Problem statement
Can you pull out each line of the data below that includes the word "bars"?

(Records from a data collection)

··········

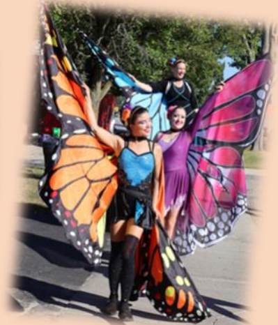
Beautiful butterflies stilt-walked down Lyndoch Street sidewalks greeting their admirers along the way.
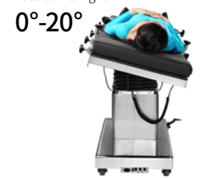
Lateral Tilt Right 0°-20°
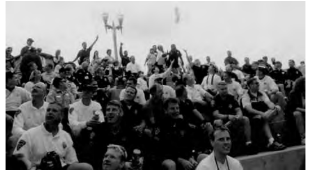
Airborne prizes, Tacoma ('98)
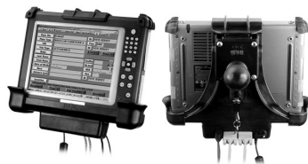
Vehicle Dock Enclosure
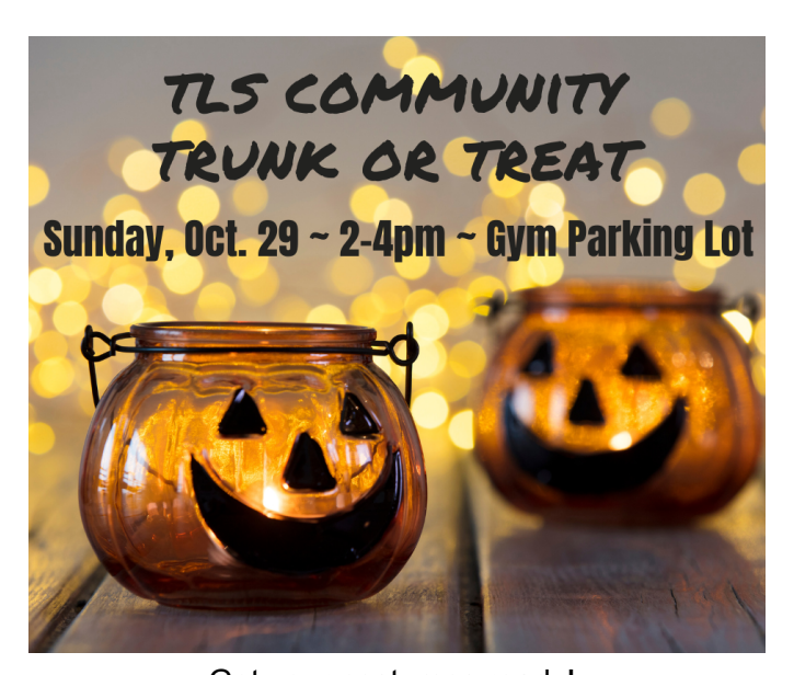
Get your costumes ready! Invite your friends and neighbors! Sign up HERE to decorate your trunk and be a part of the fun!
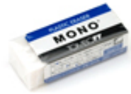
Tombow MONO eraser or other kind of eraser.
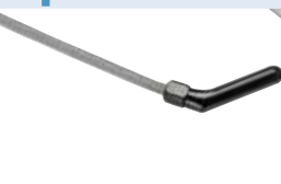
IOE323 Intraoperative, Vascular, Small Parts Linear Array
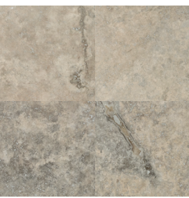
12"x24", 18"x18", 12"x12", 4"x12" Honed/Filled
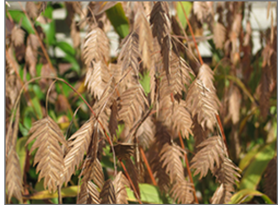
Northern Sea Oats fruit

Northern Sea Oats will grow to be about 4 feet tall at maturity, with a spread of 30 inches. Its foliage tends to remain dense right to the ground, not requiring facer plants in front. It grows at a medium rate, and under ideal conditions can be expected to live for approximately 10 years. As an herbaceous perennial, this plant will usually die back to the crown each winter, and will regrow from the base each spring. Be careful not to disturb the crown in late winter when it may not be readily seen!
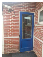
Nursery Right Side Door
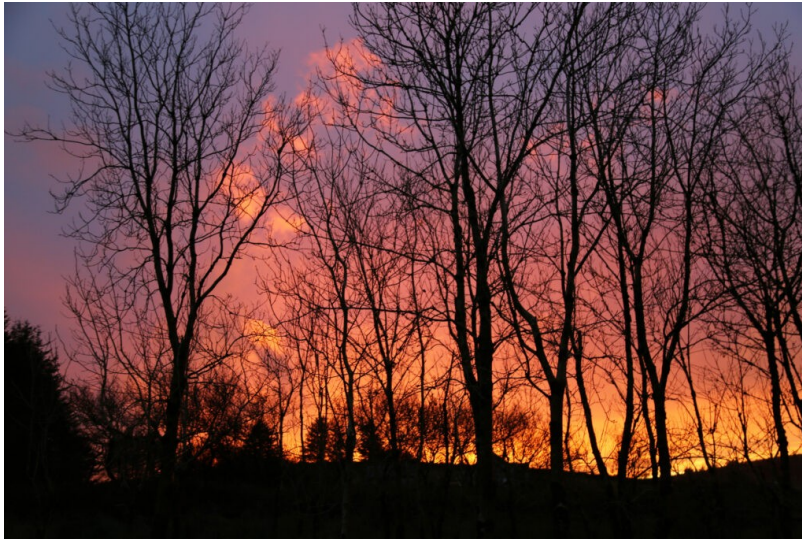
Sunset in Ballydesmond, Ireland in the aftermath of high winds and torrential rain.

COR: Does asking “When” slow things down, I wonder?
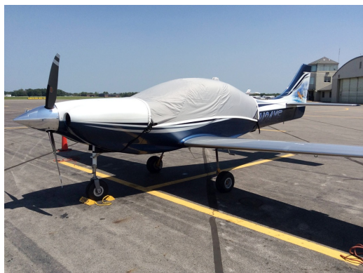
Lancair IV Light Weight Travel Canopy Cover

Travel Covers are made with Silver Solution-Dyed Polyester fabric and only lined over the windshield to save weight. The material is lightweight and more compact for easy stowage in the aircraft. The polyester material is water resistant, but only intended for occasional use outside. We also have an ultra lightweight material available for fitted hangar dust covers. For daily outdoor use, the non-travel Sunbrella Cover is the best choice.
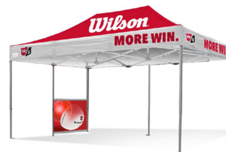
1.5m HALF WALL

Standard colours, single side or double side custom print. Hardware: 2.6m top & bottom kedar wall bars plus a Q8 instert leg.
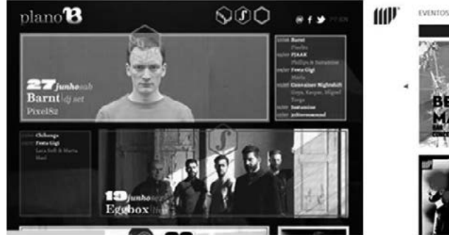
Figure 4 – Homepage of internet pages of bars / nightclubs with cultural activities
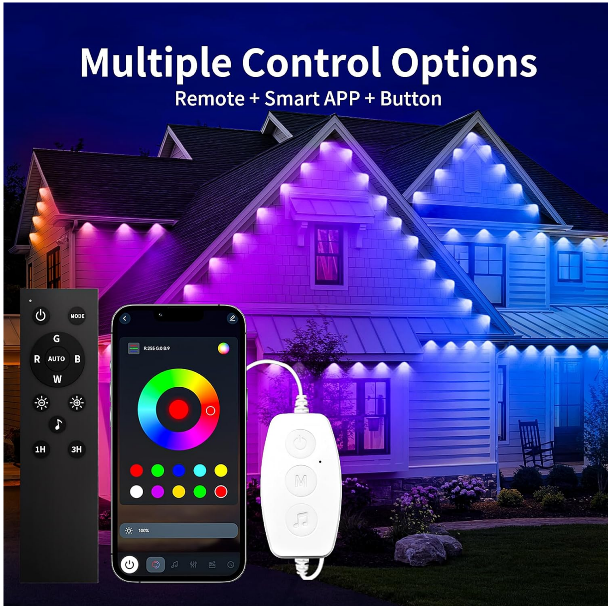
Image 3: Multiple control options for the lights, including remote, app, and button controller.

··········

Task result
Standard colours, single side or double side custom print. Hardware: 2.6m top & bottom kedar wall bars plus a Q8 instert leg.
Figure 4 – Homepage of internet pages of bars / nightclubs with cultural activities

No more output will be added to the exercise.